• MATERIAL PROVIDED:
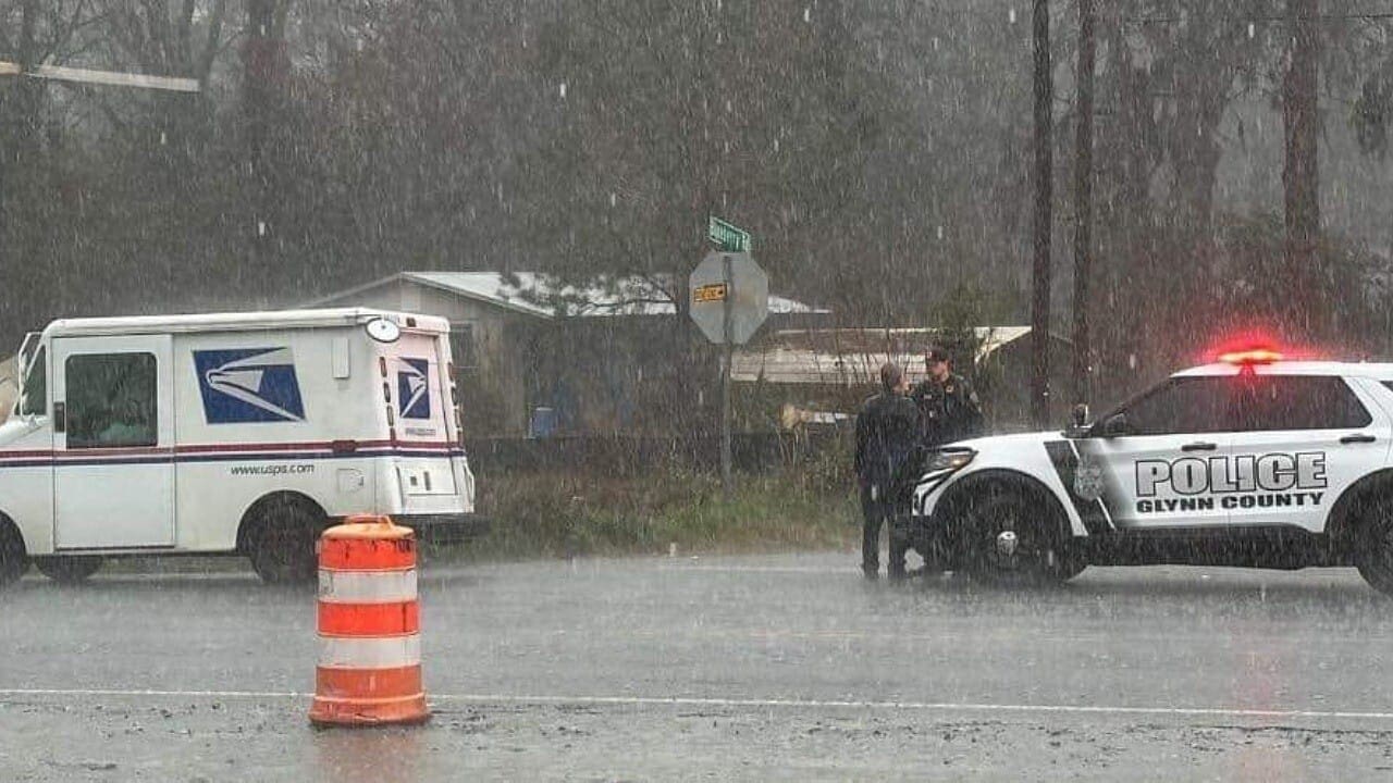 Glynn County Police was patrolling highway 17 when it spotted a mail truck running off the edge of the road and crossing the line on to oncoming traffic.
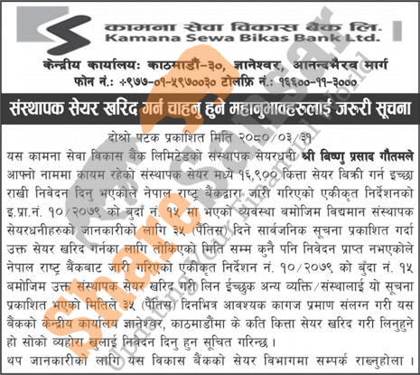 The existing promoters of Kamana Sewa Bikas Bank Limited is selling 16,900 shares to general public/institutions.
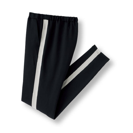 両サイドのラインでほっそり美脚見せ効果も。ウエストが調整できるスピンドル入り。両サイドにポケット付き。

• TASK PROMPT:
Return each line of the material exactly as written; exclude the pictures.

• THE ANSWER:
 Glynn County Police was patrolling highway 17 when it spotted a mail truck running off the edge of the road and crossing the line on to oncoming traffic.
 The existing promoters of Kamana Sewa Bikas Bank Limited is selling 16,900 shares to general public/institutions.
 両サイドのラインでほっそり美脚見せ効果も。ウエストが調整できるスピンドル入り。両サイドにポケット付き。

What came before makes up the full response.